Sunday, 18 April 2004

From "Philosophy as Cultural Politics"

By Richard Rorty.

I agree with Habermas when he says, "What Rawls in fact prejudges with the concept of an 'overlapping consensus' is the distinction between modern and premodern forms of consciousness, between 'reasonable' and 'dogmatic' world interpretations." But I disagree with Habermas, as I think Walzer also would, when he goes on to say that Rawls "can defend the primacy of the right over the good with the concept of an overlapping consensus only if it is true that postmetaphysical worldviews that have become reflexive under modern conditions are epistemically superior to dogmatically fixed, fundamentalistic worldviews -- indeed, only if such a distinction can be made with absolute clarity."

Habermas' point is that Rawls needs an argument from transculturally valid premises for the superiority of the liberal West. Without such an argument, he says, "the disqualification of 'unreasonabl' doctrines that cannot be brought into harmony with the proposed 'political' concept of justice is inadmissible."

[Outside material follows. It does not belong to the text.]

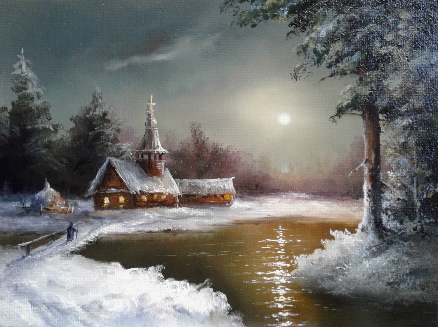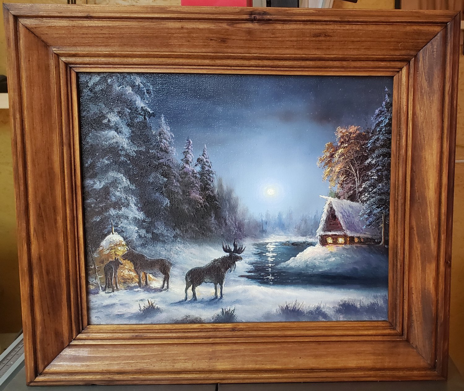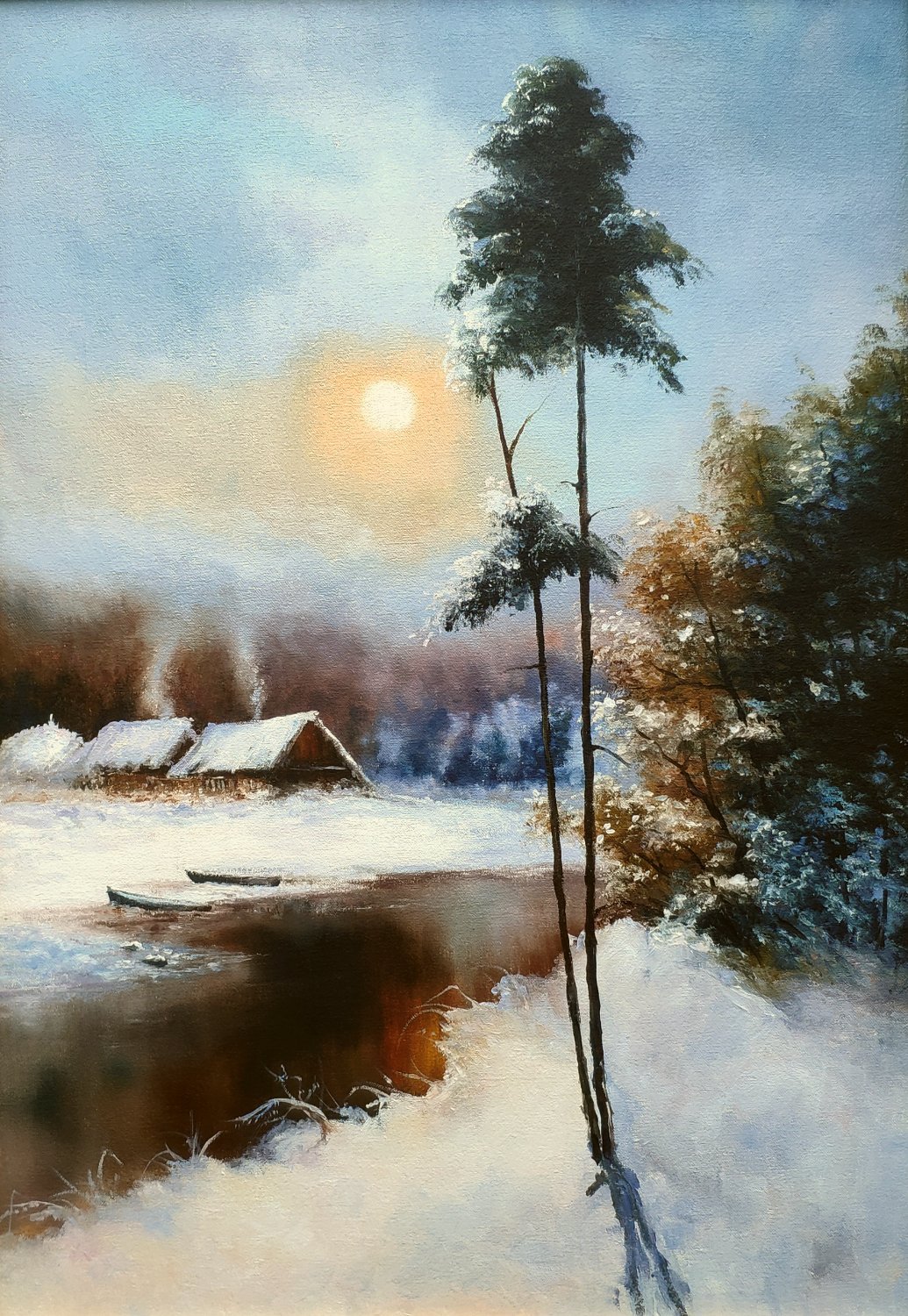 Потихоньку начал приводить в порядок имеющиеся фото своих работ, которые в своё время успел сфотографировать. Одна десятая или двадцатая из всего написанного с 80х наверное есть на этих снимках. Никогда не вёл счёт по отдельным сюжетам и их повторам, да и фотографировать начал поздновато , лишь для того, что бы потом по фото освежить память и сделать на продажу повторы, или использовать какие хорошие фрагменты для создания нового сюжета. Свободными копиями известных мастеров тоже не брезговал, ходовые сюжеты частенько шли в продажу, а это мой хлеб, чёрный, белый, мягкий или жёсткий - не имело значения. Ремесленник он и есть ремесленник ....Чем бы не занимался мимоходом помимо картин, сама жизнь возвращала меня к ним, рано или позднее, но всегда..... ___________________________________________________________ 01. Лунные ночи 1990г 45х60 ----------------------------------------------------------- 02. Вечер на реке 1992г 40х60 ------------------------------------------------ 03. Зимний вечер 2017г 25х30 ---------------------------------------------- 04. В лесной глуши 2016г 18х24 ---------------------------------------------- 05. Ночной путник 2017г 18х24 ------------------------------------ 06. Москва-река под Можайском 2005г 30х70 (Реальное место, этюды + фото) -------------------------------------------- -------- -------- 07. Натюрморт с иконой 2005г 66х79 ----------------------------------------- 08. Натюрморт с декоративными подсолнухами 2009 40х50 -------------------------------------------------------------------- ---- 09. Зимка 2013г 25х50 --------------------------- ---- 10. После рыбалки 2013г 40х50 ---------------------------------- --- 11. Март 2008г 30х40 ----------------------- 12. Река Вязьма, д.Городня 2004г 13х18 (Реальное место) ------------------------------------------ ----- 13. Сказка из детских снов 2024г 13х18 --------------------------------------------- ------ 14. Тихая заводь 2011г 60х90 --------------------------------- Продолжение будет в других частях.2 points

Such passages make clear why Habermas and Walzer are at opposite poles. Walzer is taking for granted that there can be no such thing as a non-question-begging demonstration of the epistemic superiority of the Western idea of reasonableness. There is, for Walzer, no tribunal of transcultural reason before which to try the question of superiority. Walzer is presupposing what Habermas calls "a strong contextualism for which there is no single 'rationality.'" On this conception, Habermas continues, "individual 'rationalities' are correlated with different cultures, worldviews, traditions, or forms of life. Each of them is viewed as internally interwoven with a particular understanding of the world."

I think that Rawls' constructivist approach to the law of peoples can work if he adopts what Habermas calls a "strong contextualism." Doing so would mean giving up the attempt to escape historicism, as well as the attempt to supply a universalistic argument for the West's most recent views about which differences between persons are arbitrary. The strength of Walzer's Thick and Thin seems to me to be its explicitness about the need to do this. The weakness of Rawls' account of what he is doing lies in an ambiguity between two senses of universalism. When Rawls says that "a constructivist liberal doctrine is universal in its reach, once it is extended to [...] a law of peoples," [...] he is not saying that it is universal, but universal validity is not. It is the latter that Habermas requires. That is why Habermas thinks that we need really heavy philosophical weaponry, modeled on Kant's - why he insists that only transcendental presuppositions of any possible communicative practive will do the job. [...] To be faithful to his own constructivism, I think, Rawls has to agree with Walzer that this job does not need to be done.